The adidas partnership comes as SPG’s share price has delivered a 12.39% year to date share price return, alongside a 32.98% 1 year total shareholder return and a very large 3 year total shareholder return of around 14x, which indicates that momentum has been building over time.
If this kind of consumer traffic story interests you, it could be worth broadening your search beyond malls and checking out 21 top founder-led companies
With SPG trading at US$206.77 and sitting close to analyst price targets, yet showing a value score of 5 and an estimated intrinsic discount of about 28%, you have to ask: is there still upside here, or is the market already pricing in future growth?
Most Popular Narrative: 0.9% Undervalued
The most widely followed narrative pegs Simon Property Group’s fair value at $208.55, just above the last close of $206.77, which leaves only a small implied discount and puts a spotlight on what is driving that view.
The analysts have a consensus price target of $208.55 for Simon Property Group based on their expectations of its future earnings growth, profit margins and other risk factors.
In order for you to agree with the analysts, you'd need to believe that by 2029, revenues will be $7.0 billion, earnings will come to $2.5 billion, and it would be trading on a PE ratio of 33.9x, assuming you use a discount rate of 7.8%.
Want to understand why a mature retail REIT narrative leans on higher earnings multiples, slower growth and still arrives at a higher fair value?
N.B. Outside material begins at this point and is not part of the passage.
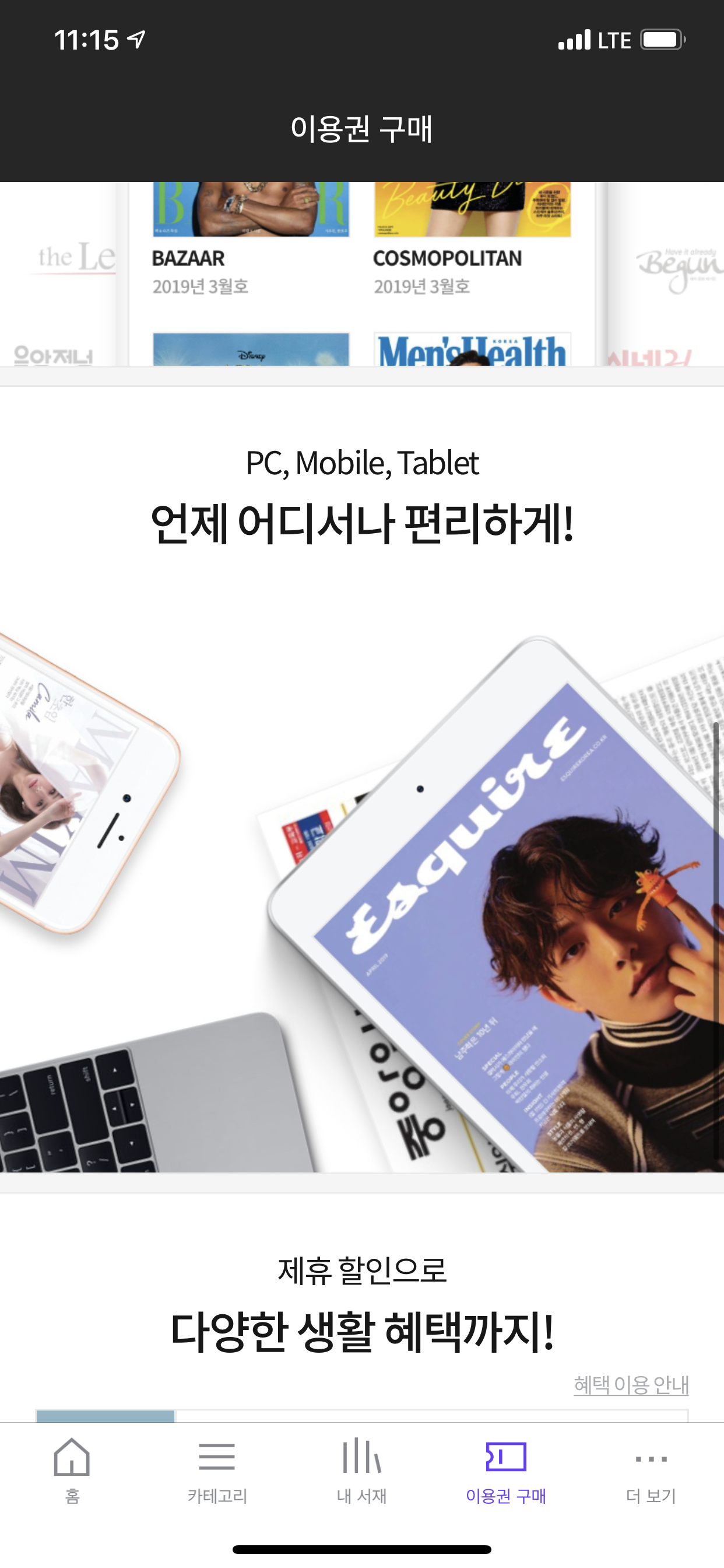 정상가 월14,900원으로 이용 가능한 100여종의 매거진을 월 5,900원의 비용으로 누릴 수 있는 혜택을 그냥 지나칠 수 없는 만큼 서둘러 신청해보았습니다. 보다 할인된 비용도 좋지만 최초 가입시 가입 다음달까지 이용료가 무료라고 하니 더욱 마음에 들더군요.

The answer sits in how revenue, margins and share count are expected to mix together over the next few years, and how that flows through to the long term earnings profile behind the $208.55 figure.
Result: Fair Value of $208.55 (UNDERVALUED)
However, this depends on resilient tenant demand and controlled redevelopment spending, while ongoing retail bankruptcies and higher interest costs could quickly challenge that fair value story.
Next Steps
With sentiment mixed between attractive upside and real risks, it makes sense to move quickly, review the underlying data, and form your own stance by weighing the 3 key rewards and 4 important warning signs.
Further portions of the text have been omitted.